Extracted entries:
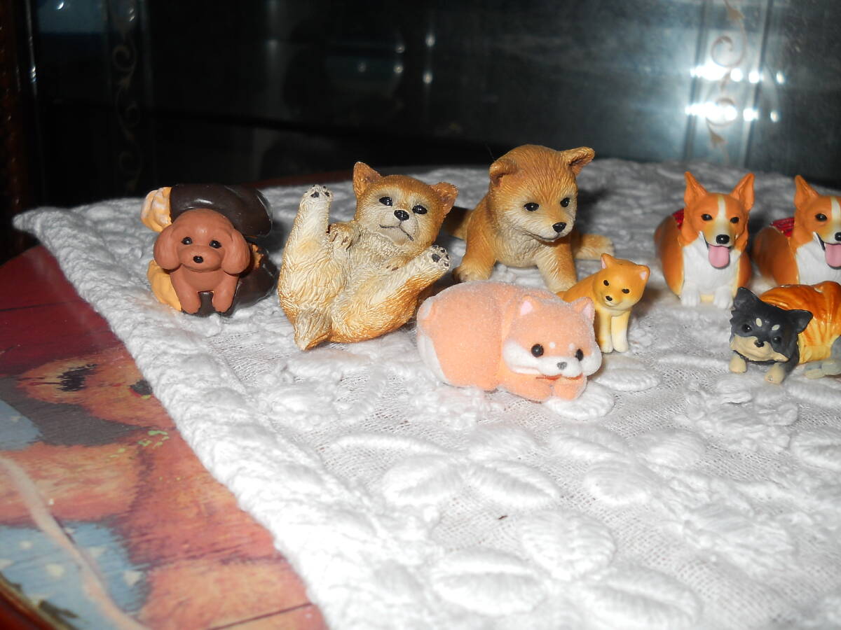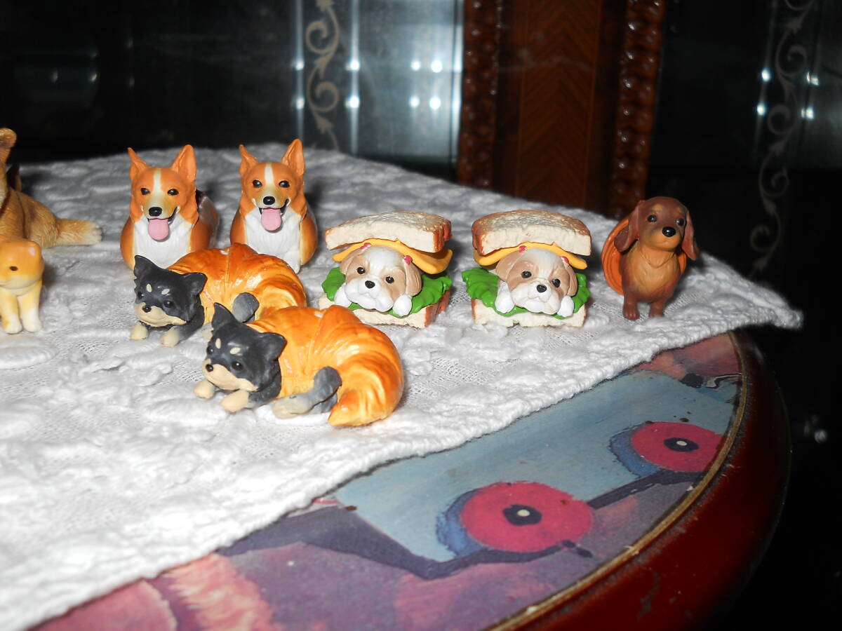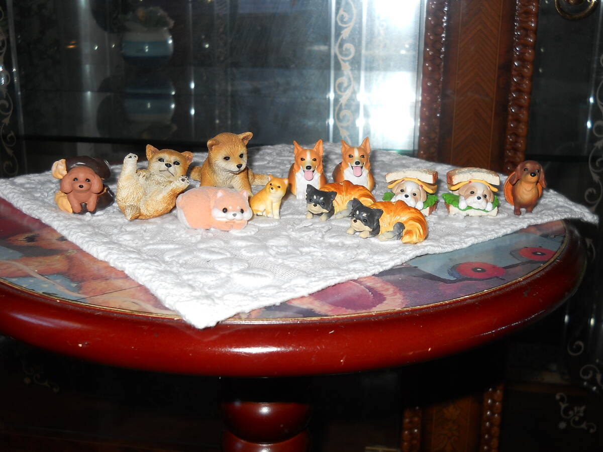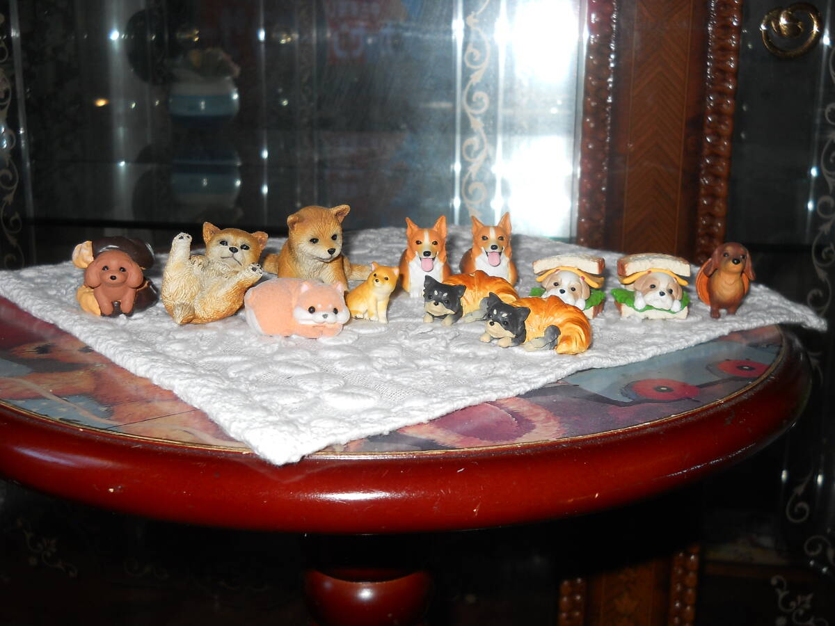 犬パンのガチャガチャと柴犬のフィギュアです。クロワッサンチワワ2個、ホットドッグコーギー2個、チーズバーガーシーズー2個、チュロスダックス1個、ドーナツトイプードル1個、柴犬4個です。キーチェンは全部外して飾っていました。
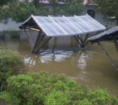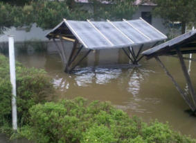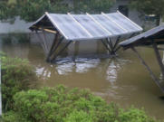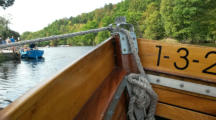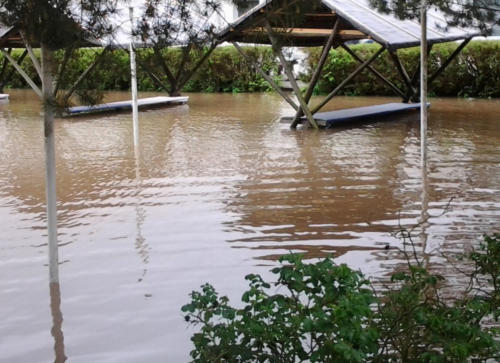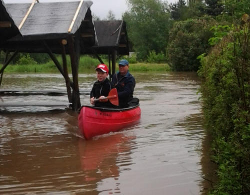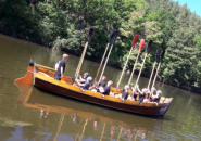 Unser Holzboot war mit einer kleiner selbstgebauten Takelage und einem Schild mit Papierblüten,
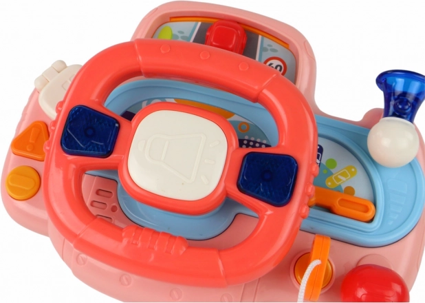Het interactieve roze stuur is een speelgoed dat kinderen niet alleen vermaakt, maar ook interactief leren en de ontwikkeling van motorische coördinatie en zintuiglijke vaardigheden bevordert.
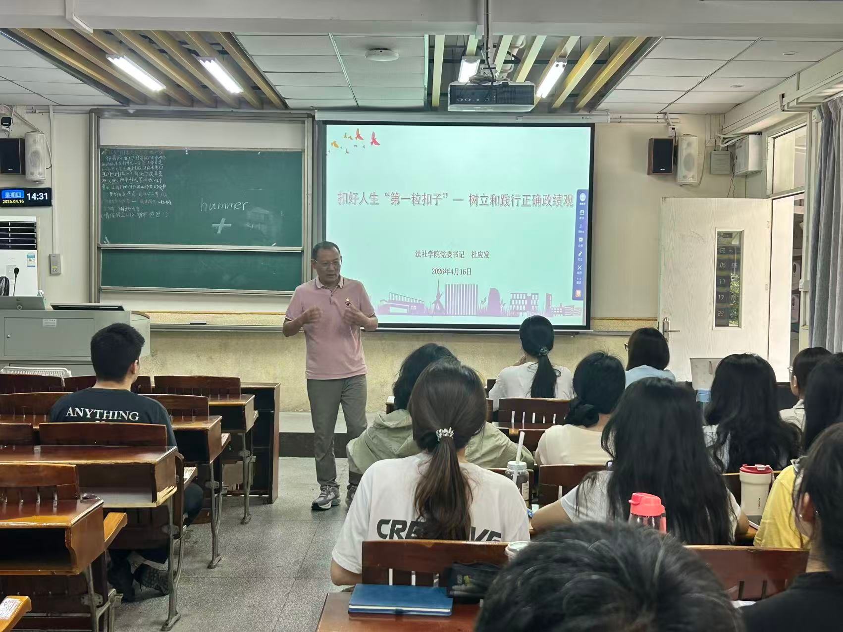 党委书记杜应发以“扣好人生‘第一粒扣子’--树立和践行正确政绩观”为题,为51吃瓜全体学生党员讲专题党课。
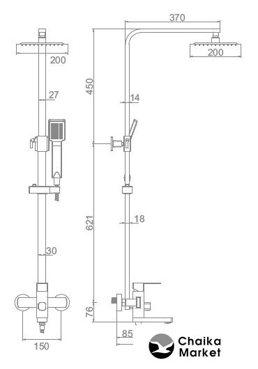 Диаметр (ширина) верхнего душа | 200 мм |
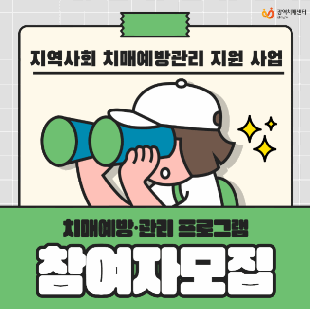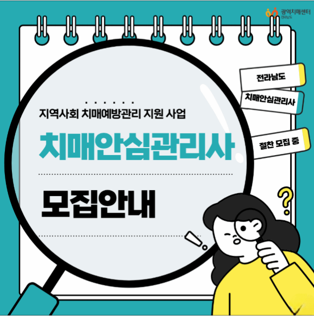 전라남도광역치매센터가 지역 어르신의 인지 건강을 지키고 치매 예방 환경을 조성하기 위해 ‘치매안심관리사’와 ‘치매예방·관리 프로그램 참여자’를 모집한다.
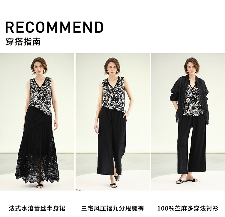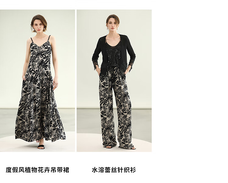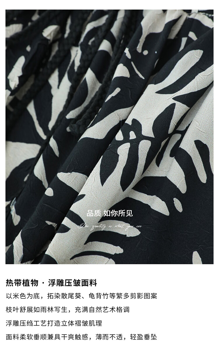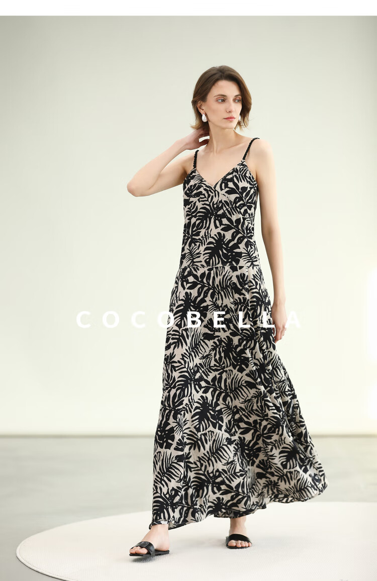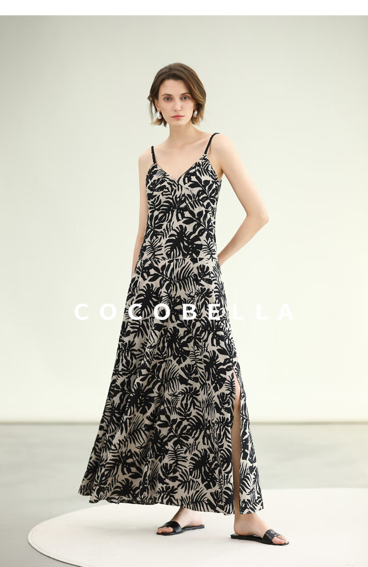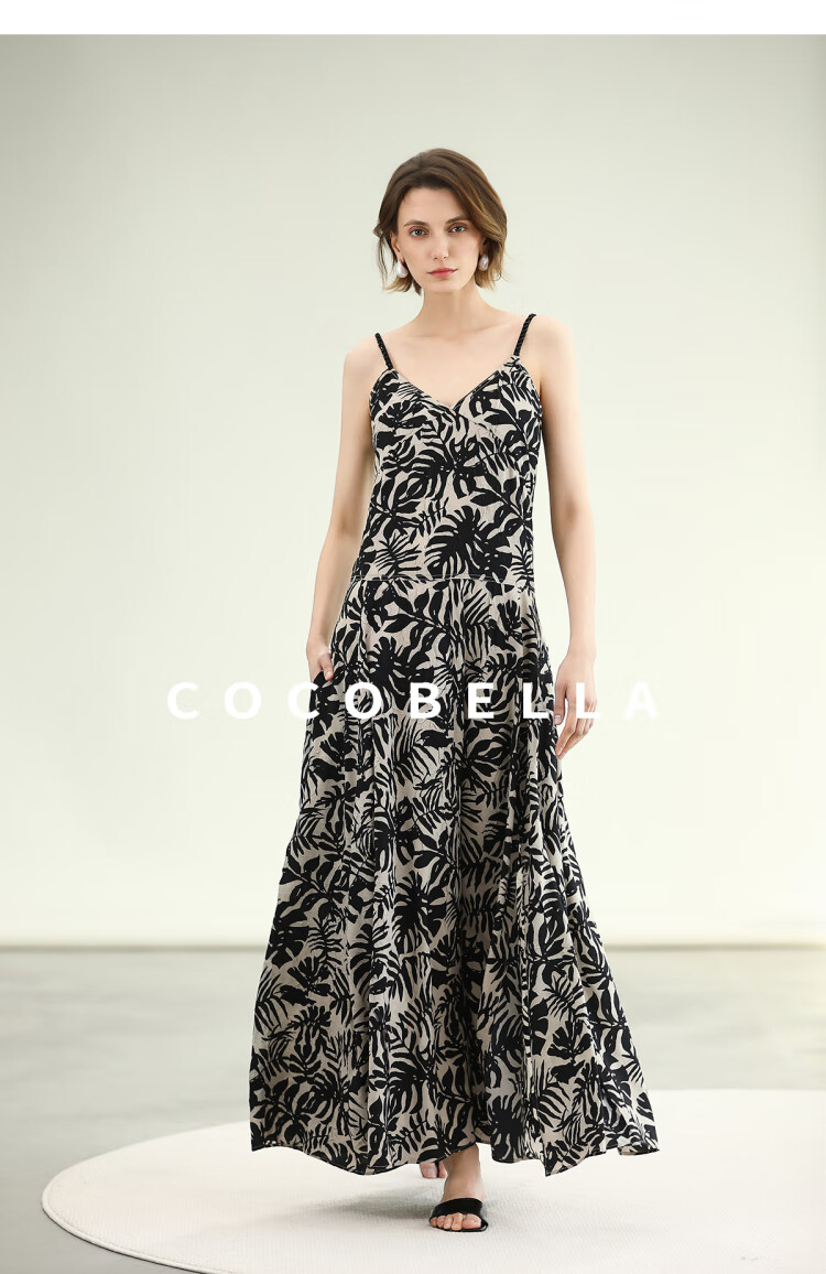 COCOBELLA浪漫南法风印花休闲裤女夏度假风微阔直筒裤PA3085

Problem statement: Retype the records exactly. Any image in them should not appear in what you write.

Exercise answer:
 犬パンのガチャガチャと柴犬のフィギュアです。クロワッサンチワワ2個、ホットドッグコーギー2個、チーズバーガーシーズー2個、チュロスダックス1個、ドーナツトイプードル1個、柴犬4個です。キーチェンは全部外して飾っていました。
 Unser Holzboot war mit einer kleiner selbstgebauten Takelage und einem Schild mit Papierblüten,
Het interactieve roze stuur is een speelgoed dat kinderen niet alleen vermaakt, maar ook interactief leren en de ontwikkeling van motorische coördinatie en zintuiglijke vaardigheden bevordert.
 党委书记杜应发以“扣好人生‘第一粒扣子’--树立和践行正确政绩观”为题,为51吃瓜全体学生党员讲专题党课。
 Диаметр (ширина) верхнего душа | 200 мм |
 전라남도광역치매센터가 지역 어르신의 인지 건강을 지키고 치매 예방 환경을 조성하기 위해 ‘치매안심관리사’와 ‘치매예방·관리 프로그램 참여자’를 모집한다.
 COCOBELLA浪漫南法风印花休闲裤女夏度假风微阔直筒裤PA3085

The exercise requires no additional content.